**Instructions to follow**
Return only the lines of the data below from the line with "Terminal de cobre de" up to and including the line with "महामानव डॉ. बाबासाहेब", exactly as written, with the pictures omitted.

**Data supplied**
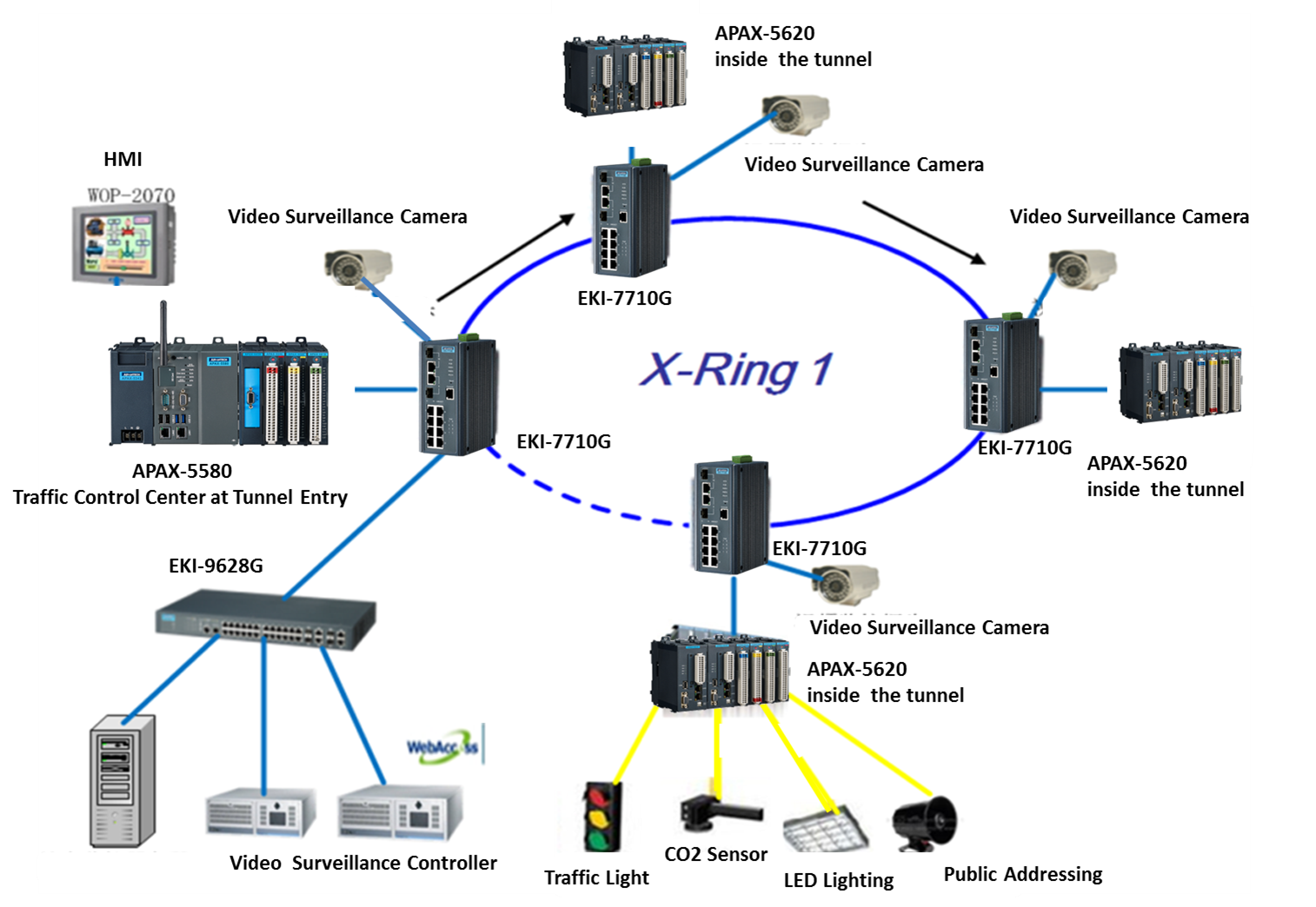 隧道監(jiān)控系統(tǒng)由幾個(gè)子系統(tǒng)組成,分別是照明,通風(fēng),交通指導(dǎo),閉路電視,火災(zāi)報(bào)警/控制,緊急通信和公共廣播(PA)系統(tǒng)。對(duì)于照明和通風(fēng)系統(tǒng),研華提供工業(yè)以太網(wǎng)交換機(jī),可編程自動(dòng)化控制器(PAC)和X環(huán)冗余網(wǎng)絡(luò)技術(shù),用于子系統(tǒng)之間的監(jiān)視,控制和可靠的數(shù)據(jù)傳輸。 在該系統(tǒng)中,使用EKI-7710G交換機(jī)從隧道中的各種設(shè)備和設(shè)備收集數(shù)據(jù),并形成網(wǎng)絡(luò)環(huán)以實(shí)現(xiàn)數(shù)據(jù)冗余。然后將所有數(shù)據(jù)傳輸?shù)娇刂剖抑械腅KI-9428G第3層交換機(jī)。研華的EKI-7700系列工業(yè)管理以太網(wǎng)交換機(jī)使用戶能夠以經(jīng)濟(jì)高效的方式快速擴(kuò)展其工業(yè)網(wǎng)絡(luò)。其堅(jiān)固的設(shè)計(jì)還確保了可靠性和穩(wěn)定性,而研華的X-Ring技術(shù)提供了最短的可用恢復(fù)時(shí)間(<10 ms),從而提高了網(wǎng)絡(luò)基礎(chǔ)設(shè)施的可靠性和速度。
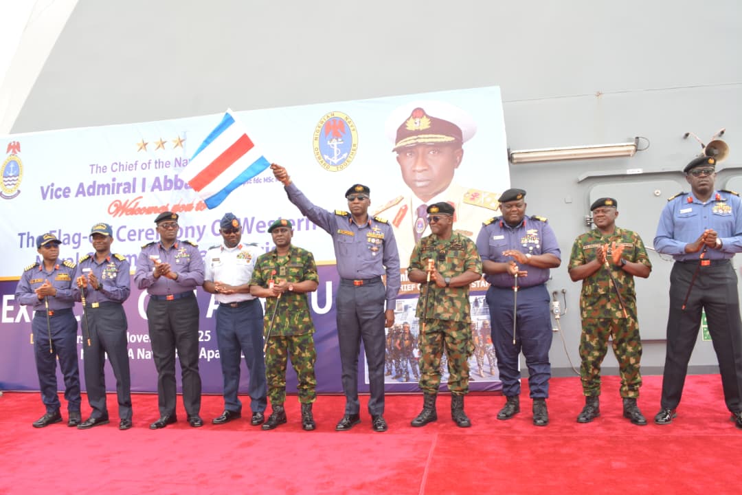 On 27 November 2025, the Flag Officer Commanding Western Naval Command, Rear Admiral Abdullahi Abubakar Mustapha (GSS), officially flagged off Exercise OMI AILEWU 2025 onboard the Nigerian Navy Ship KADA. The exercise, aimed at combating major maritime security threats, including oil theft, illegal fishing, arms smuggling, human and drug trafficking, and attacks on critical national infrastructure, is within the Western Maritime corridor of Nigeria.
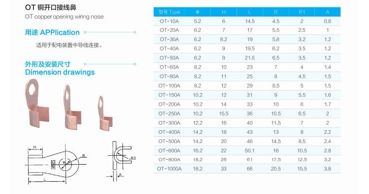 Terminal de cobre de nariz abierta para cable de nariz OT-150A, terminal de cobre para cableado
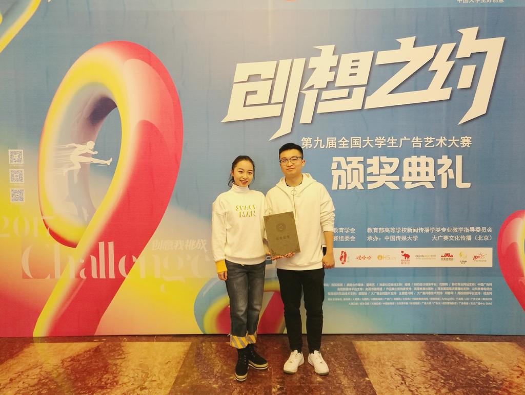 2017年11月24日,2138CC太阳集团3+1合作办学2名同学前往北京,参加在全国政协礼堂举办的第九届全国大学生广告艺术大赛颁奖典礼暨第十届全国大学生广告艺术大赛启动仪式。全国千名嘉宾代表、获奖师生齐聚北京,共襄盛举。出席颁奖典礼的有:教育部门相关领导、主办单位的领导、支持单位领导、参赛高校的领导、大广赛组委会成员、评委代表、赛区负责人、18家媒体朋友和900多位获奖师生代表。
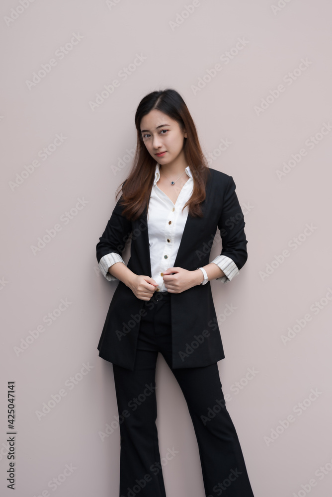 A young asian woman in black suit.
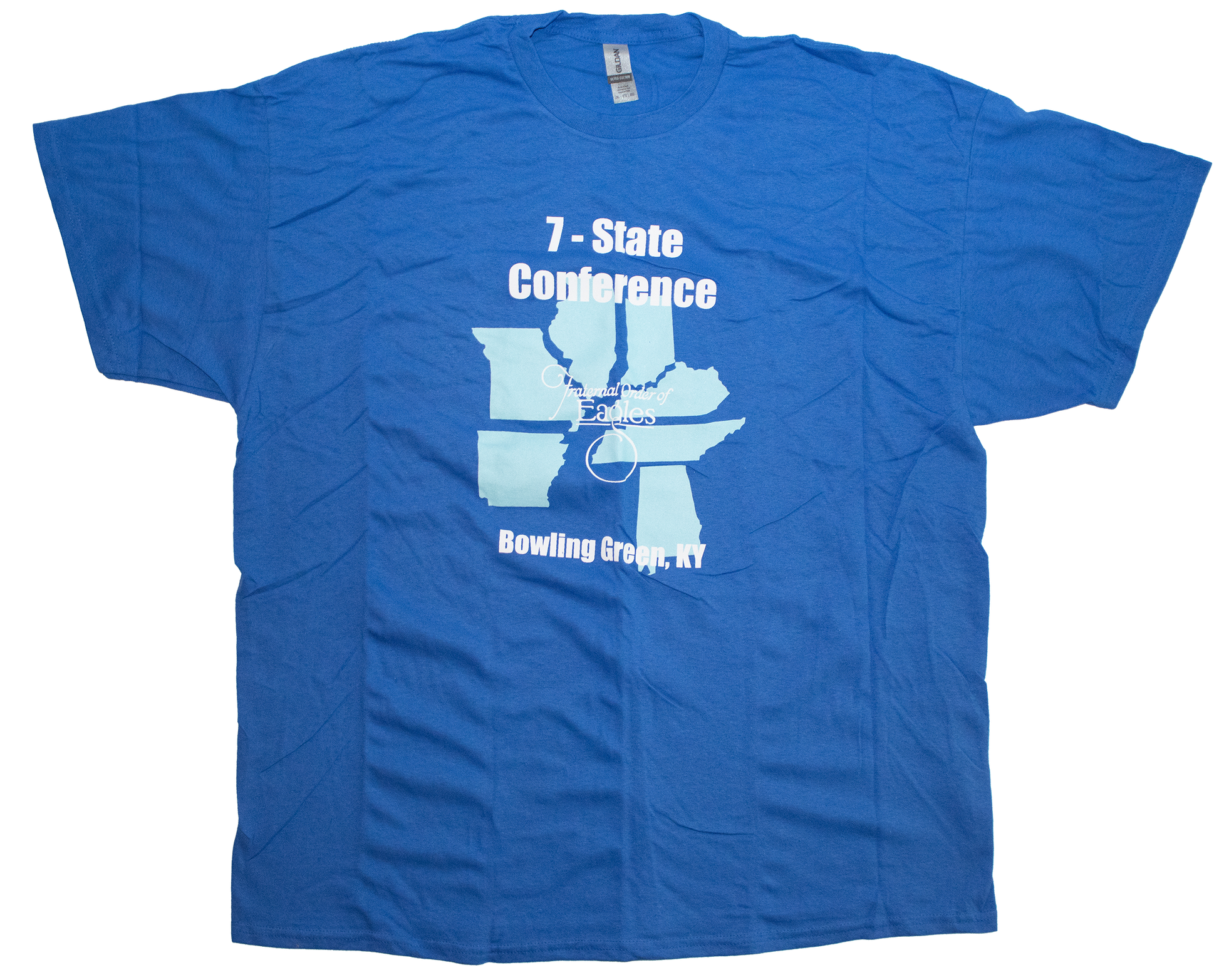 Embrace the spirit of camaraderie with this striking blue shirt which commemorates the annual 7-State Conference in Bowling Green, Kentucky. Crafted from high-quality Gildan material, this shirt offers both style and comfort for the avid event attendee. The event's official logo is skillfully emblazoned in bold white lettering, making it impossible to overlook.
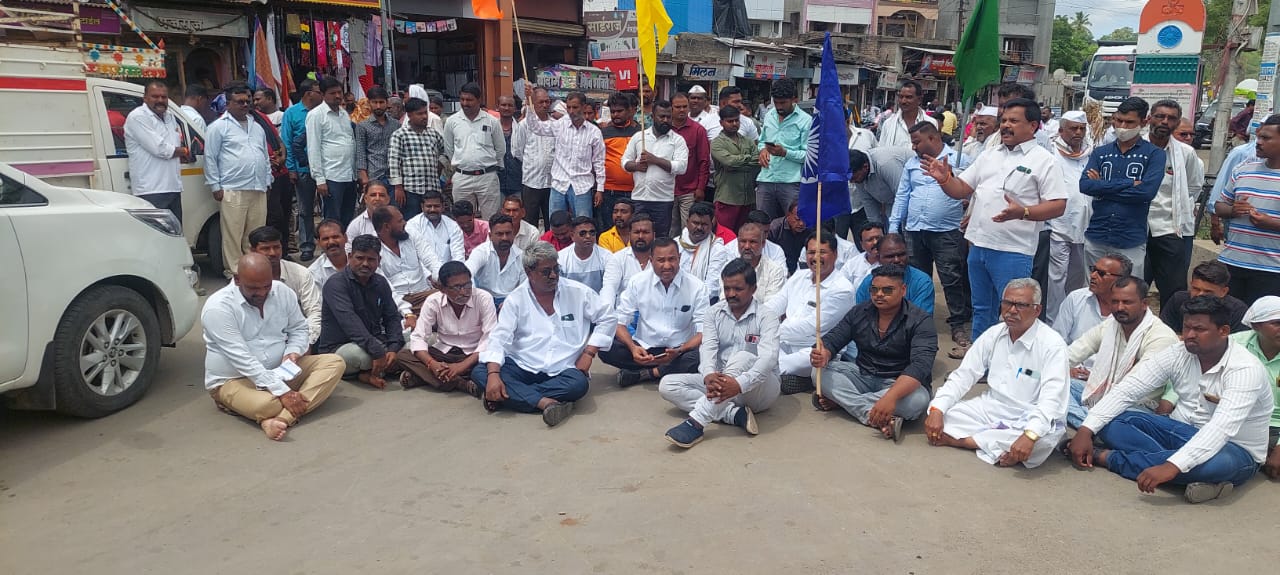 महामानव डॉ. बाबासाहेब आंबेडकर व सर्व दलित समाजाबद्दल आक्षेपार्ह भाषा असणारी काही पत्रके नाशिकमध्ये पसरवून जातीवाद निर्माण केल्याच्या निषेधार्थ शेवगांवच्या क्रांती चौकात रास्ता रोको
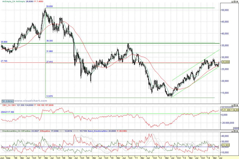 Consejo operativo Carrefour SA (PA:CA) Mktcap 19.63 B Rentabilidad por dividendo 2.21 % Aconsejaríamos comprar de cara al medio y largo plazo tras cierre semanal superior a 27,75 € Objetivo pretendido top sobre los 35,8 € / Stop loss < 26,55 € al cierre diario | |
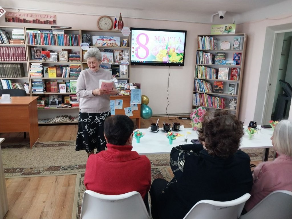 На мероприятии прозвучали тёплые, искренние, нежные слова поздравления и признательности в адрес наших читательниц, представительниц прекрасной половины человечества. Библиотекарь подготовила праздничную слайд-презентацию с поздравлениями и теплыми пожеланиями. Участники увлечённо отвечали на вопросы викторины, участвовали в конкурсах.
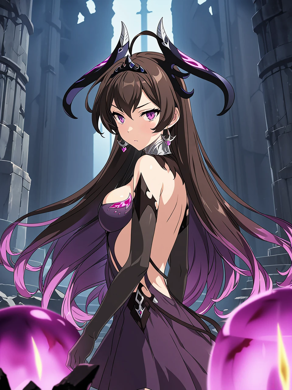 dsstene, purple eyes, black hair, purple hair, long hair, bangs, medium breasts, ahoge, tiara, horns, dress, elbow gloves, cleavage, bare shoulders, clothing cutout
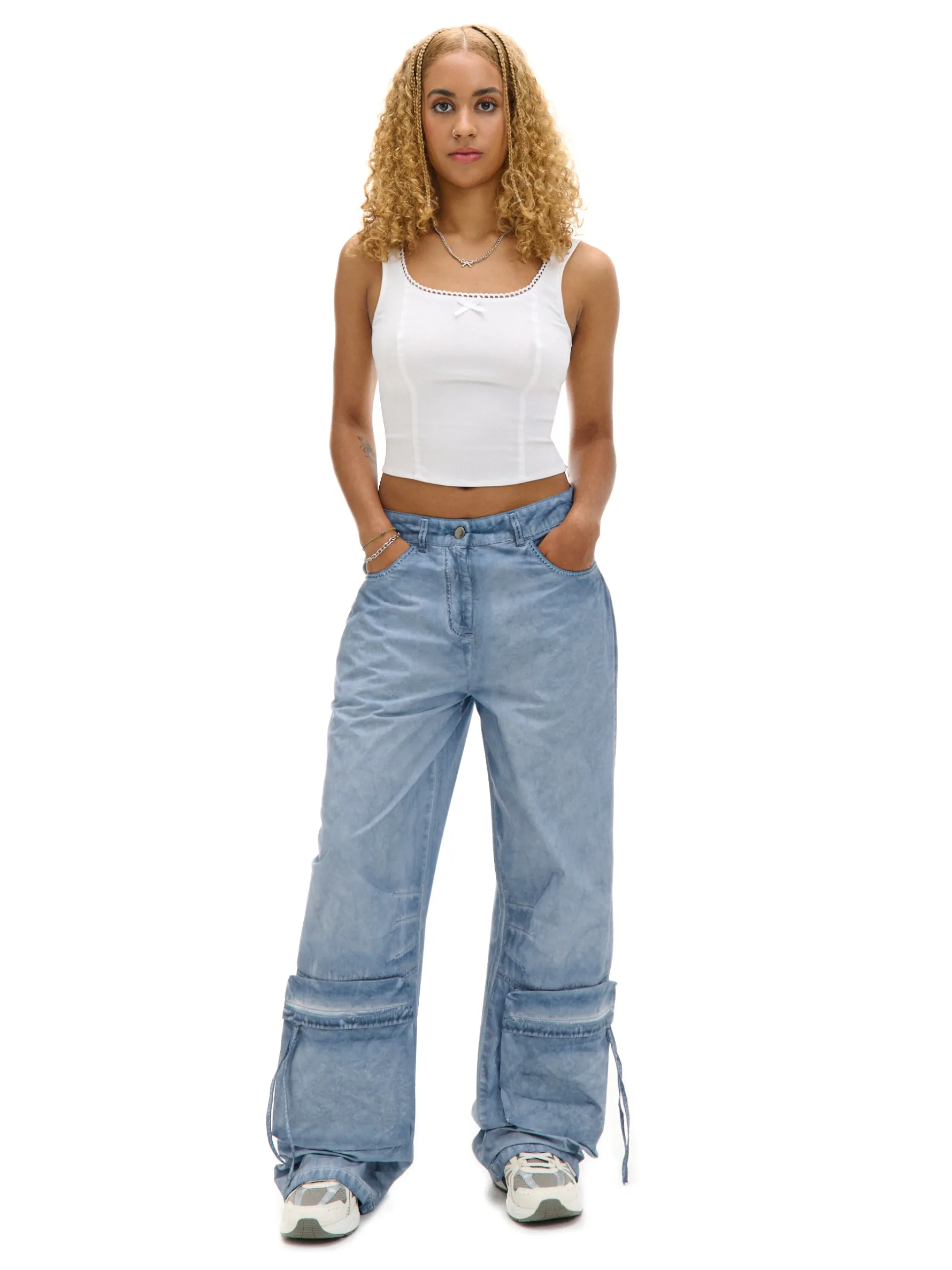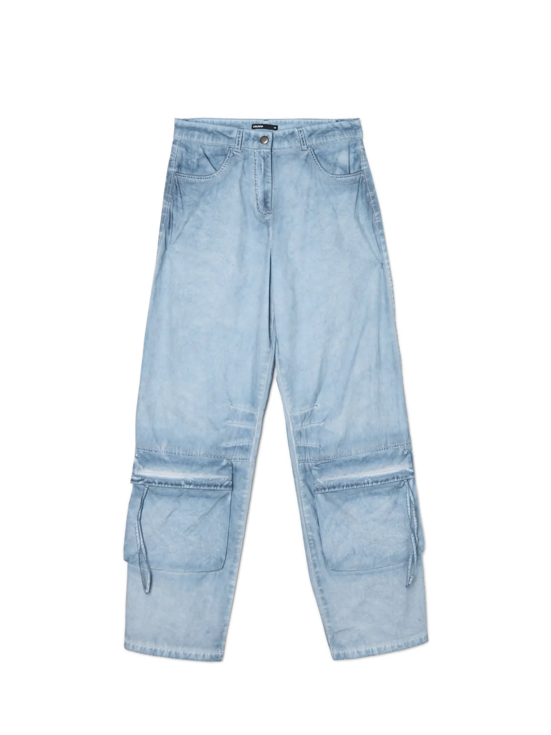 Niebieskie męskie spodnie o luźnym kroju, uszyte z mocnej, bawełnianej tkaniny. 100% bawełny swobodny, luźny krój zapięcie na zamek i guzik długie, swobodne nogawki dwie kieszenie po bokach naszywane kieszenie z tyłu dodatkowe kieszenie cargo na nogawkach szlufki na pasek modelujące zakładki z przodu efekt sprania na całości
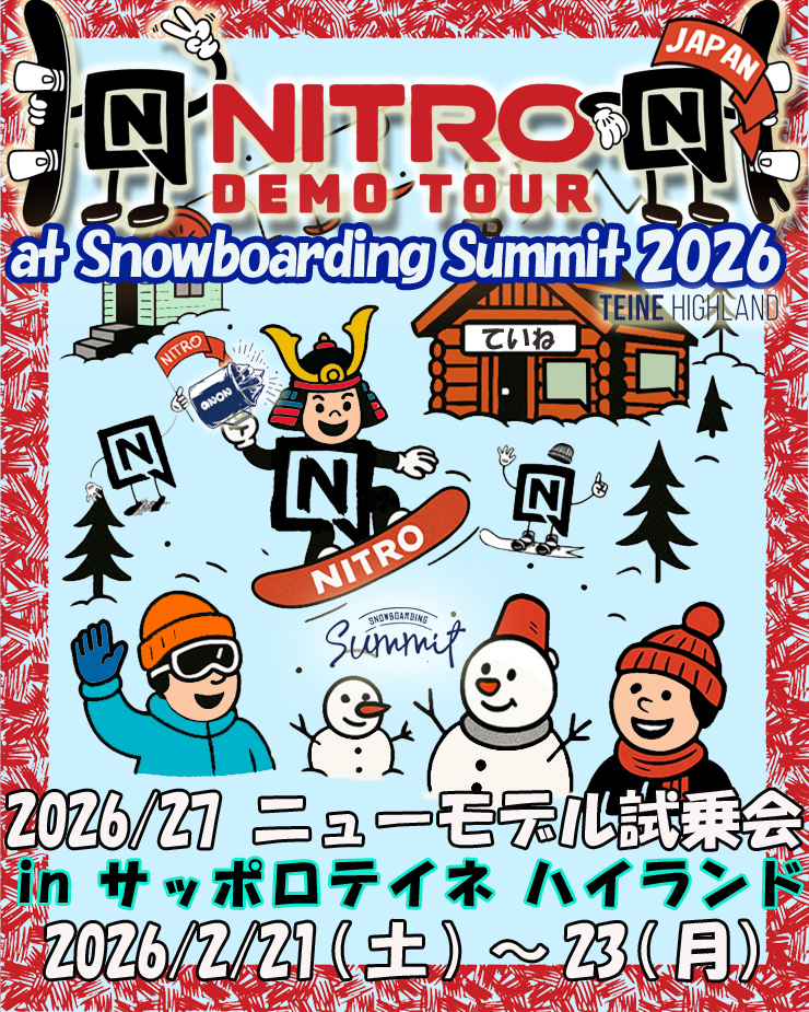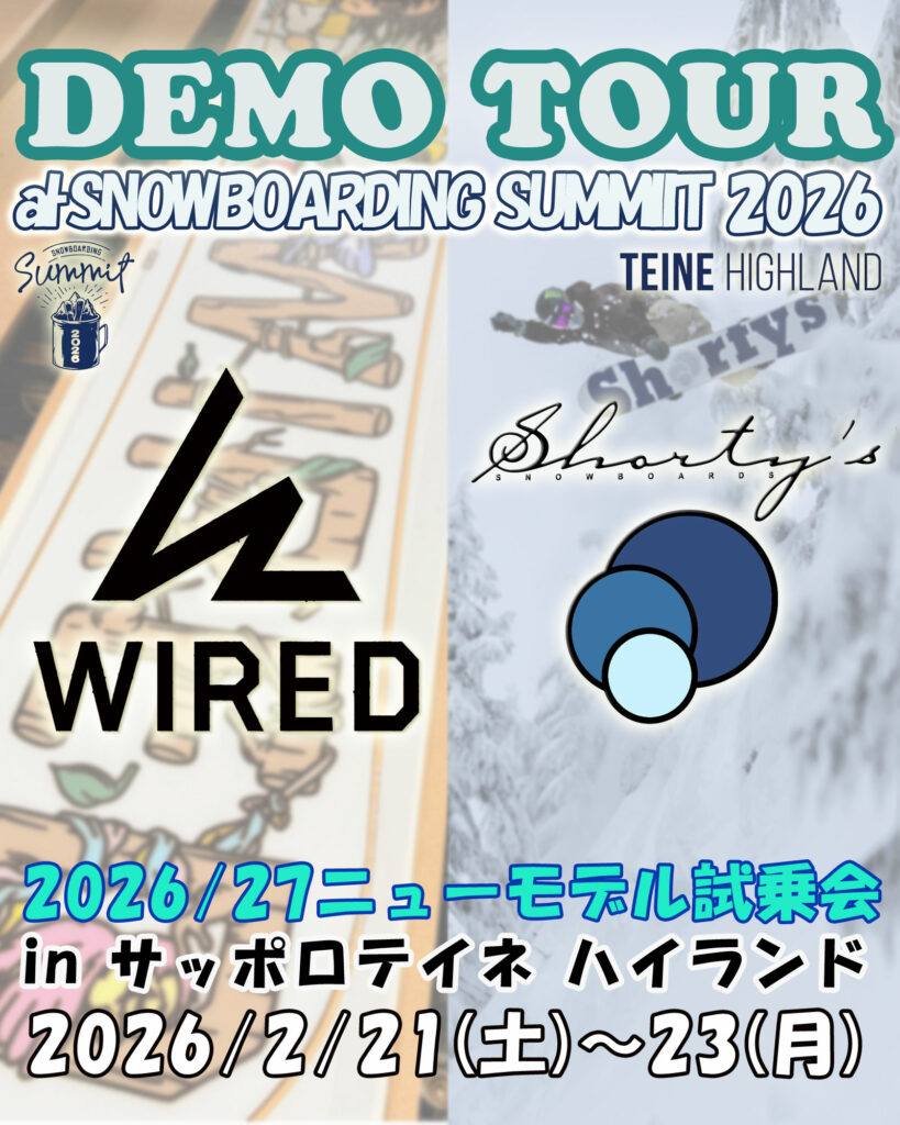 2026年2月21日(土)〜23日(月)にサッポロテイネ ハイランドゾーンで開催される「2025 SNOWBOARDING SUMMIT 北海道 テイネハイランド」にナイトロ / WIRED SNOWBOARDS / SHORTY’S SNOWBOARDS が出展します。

**The answer**
 Terminal de cobre de nariz abierta para cable de nariz OT-150A, terminal de cobre para cableado
 2017年11月24日,2138CC太阳集团3+1合作办学2名同学前往北京,参加在全国政协礼堂举办的第九届全国大学生广告艺术大赛颁奖典礼暨第十届全国大学生广告艺术大赛启动仪式。全国千名嘉宾代表、获奖师生齐聚北京,共襄盛举。出席颁奖典礼的有:教育部门相关领导、主办单位的领导、支持单位领导、参赛高校的领导、大广赛组委会成员、评委代表、赛区负责人、18家媒体朋友和900多位获奖师生代表。
 A young asian woman in black suit.
 Embrace the spirit of camaraderie with this striking blue shirt which commemorates the annual 7-State Conference in Bowling Green, Kentucky. Crafted from high-quality Gildan material, this shirt offers both style and comfort for the avid event attendee. The event's official logo is skillfully emblazoned in bold white lettering, making it impossible to overlook.
 महामानव डॉ. बाबासाहेब आंबेडकर व सर्व दलित समाजाबद्दल आक्षेपार्ह भाषा असणारी काही पत्रके नाशिकमध्ये पसरवून जातीवाद निर्माण केल्याच्या निषेधार्थ शेवगांवच्या क्रांती चौकात रास्ता रोको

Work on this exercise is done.